I'm very excited that you are thinking about joining a handbell choir! We have new people joining all the time, so if you decide to try us out, you won't be alone. We have an extra set of handbells available, so we always have room for a new ringer. Often, a new ringer begins as an understudy. They are not asked to ring in Worship or at a special event until they are ready.
The vast majority of ringers are not professional musicians who get paid for entertaining an audience. Most ringers are volunteers who love music and have a passion to share their love of ringing handbells. As you tour our website, you will quickly see what we are all about.
We offer two different practice times each week depending upon your current musical knowledge. All you have to do is show up at the practice of your choice!
Sunday evening - this is for our beginning ringers with little musical experience. This group is led by James Schrag. Wednesday evening - this group is a little more advanced. An experienced musician can fit in nicely. This is the group that I direct.
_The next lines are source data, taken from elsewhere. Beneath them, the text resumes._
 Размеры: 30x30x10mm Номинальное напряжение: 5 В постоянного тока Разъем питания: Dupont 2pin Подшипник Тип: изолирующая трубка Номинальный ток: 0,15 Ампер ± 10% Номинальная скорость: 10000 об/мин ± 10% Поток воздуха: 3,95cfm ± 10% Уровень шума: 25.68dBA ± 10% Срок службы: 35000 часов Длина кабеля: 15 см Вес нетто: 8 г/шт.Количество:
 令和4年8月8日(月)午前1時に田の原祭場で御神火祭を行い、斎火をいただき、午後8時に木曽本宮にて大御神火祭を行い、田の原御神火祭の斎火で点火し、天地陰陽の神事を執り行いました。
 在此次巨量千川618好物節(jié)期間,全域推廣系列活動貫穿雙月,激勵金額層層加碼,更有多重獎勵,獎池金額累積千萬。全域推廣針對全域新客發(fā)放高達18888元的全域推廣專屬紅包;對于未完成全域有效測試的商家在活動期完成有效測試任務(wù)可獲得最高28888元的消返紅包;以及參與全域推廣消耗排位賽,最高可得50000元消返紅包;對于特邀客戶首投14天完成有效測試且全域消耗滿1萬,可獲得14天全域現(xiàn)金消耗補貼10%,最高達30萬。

To help me prepare for you, my I ask a couple of questions? 1) Have you ever rang handbells before? 2) Do you already know how to read music? 3) Do you now, or in your past, played a music instrument? 4) If you read music, do you prefer treble or the bass clef?
In full disclosure, you should know up front the commitment that is expected from each ringer. First and foremost, we ring in Worship generally once per month. Traditionally, we ring on the 3rd Sunday each month, but this does change on occasion. In addition, our experienced choir receives many requests to ring in events outside of the church. In the past, I have limited this to once per month as well. With this general guideline, you will be expected to be available every week for practice and to ring twice each month either in Worship or at a special event. On our website you can see the type of events we do outside of Worship.
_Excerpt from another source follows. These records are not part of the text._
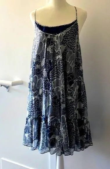 Elegant dress with intricate navy patterns. Crafted by Diane Von Furstenberg. 100% Silk Excellent Co... Show more
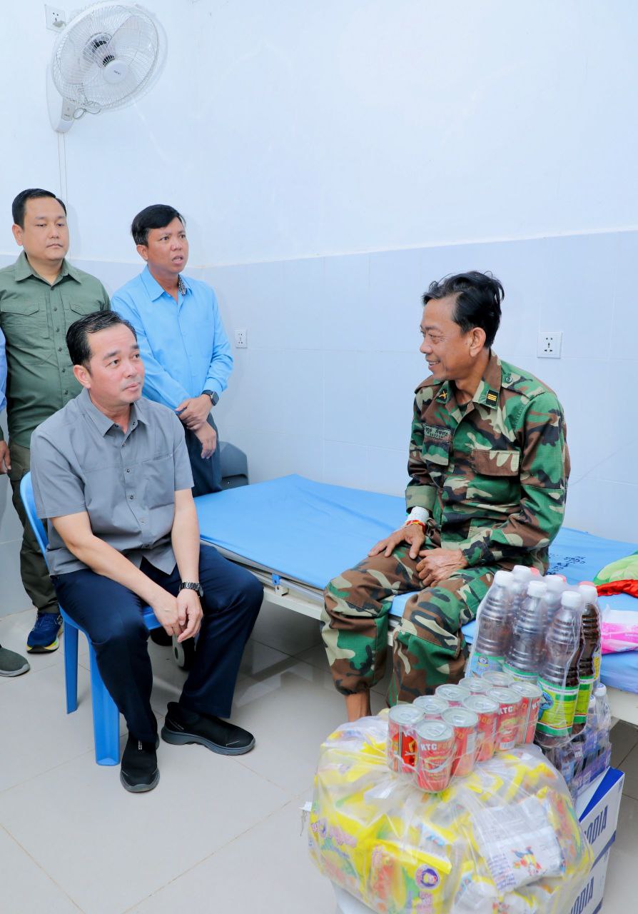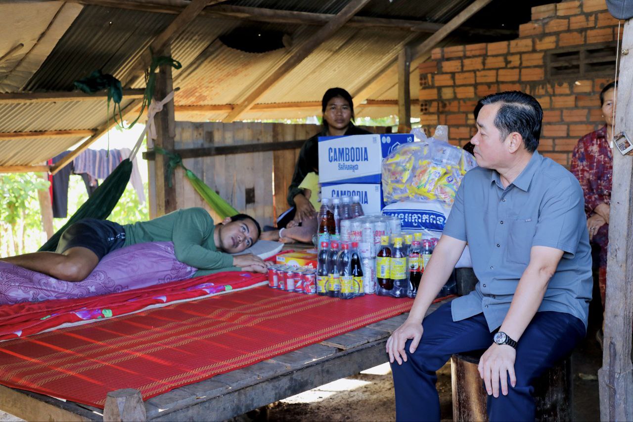 ដោយឡែក លោក សាំង បូរ៉ាន អាយុ ៣៣ឆ្នាំ ជាវីរកងទ័ពជួរមុខឈរជើងនៅជាំតែ សុំសម្រាកព្យាបាលជំងឺនៅផ្ទះ ស្ថិតក្នុងឃុំសំពងជ័យ ស្រុកជើងព្រៃក៏ត្រូវបានអភិបាលខេត្តអញ្ជើញចុះជួបផ្ទាល់សំណេះសំណាល និងលើកកម្លាំងចិត្តព្រមទាំងផ្ដល់ស្បៀងអាហារសម្រាប់ទ្រទ្រង់ជីវភាពគ្រួសារផងដែរ ៕
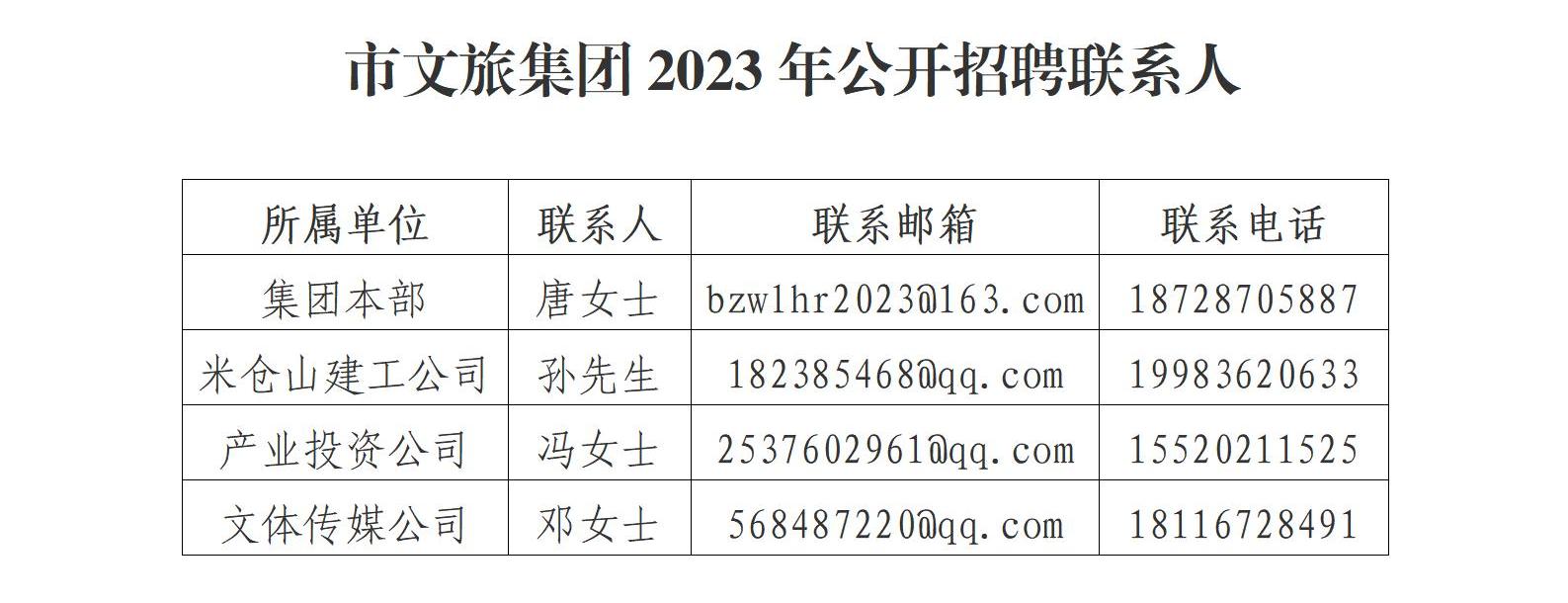 根據(jù)《巴中市文化旅游發(fā)展集團(tuán)有限公司2023年公開招聘公告》相關(guān)精神,現(xiàn)將市文旅集團(tuán)2023年公開招聘考試相關(guān)事宜公告如下:

A broken piano - Being a member of a handbell choir requires a special commitment from the ringers. Each ringer is responsible for their particular ringing position. It is like asking 12 people to play a piano at the same time with each person only playing 2 or 3 keys. No one else plays "your keys". If a ringer misses practice or a ringing event, the song will be missing their notes. Can you image how a song would sound if a piano was missing some of the keys?
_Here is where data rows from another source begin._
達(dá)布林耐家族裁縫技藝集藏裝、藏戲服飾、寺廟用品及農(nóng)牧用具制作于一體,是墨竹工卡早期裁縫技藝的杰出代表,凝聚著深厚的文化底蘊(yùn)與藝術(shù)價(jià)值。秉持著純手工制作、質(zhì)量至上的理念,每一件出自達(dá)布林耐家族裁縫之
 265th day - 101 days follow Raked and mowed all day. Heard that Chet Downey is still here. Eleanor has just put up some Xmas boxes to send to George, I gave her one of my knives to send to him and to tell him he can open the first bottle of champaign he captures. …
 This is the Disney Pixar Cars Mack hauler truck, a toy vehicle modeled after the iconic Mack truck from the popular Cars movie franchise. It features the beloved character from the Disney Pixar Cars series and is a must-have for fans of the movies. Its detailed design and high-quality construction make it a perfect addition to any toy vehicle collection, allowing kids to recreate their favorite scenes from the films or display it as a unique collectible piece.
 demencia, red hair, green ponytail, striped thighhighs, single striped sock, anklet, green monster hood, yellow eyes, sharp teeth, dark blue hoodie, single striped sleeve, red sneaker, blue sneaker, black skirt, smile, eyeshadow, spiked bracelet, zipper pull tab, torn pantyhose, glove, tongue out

Muscle memory - Ringing in a bell choir is very different than singing in a choral choir. A choral choir has 4 parts - soprano, alto, tenor and bass - with many singers for each part. Practice in a choral choir can continue with a couple of singers absent. Not so in a bell choir! During bell practice, each ringer gains muscle memory for their part. Very few ringers are capable of taking on additional bells at the last minute when a ringer is missing. They haven't gained the muscle memory required to make good music. As you can see, every ringer is important and necessary every time a bell choir rings. A missing ringer compromises the entire bell choir.
Passion - Ringing in a handbell choir is truly a wonderful experience. Successful ringers have a true passion for ringing handbells. You will be a part of a very close group making music together. It is hard to be upset or mad when you are making music! If this information hasn't scared you away, I look forward to meeting you soon!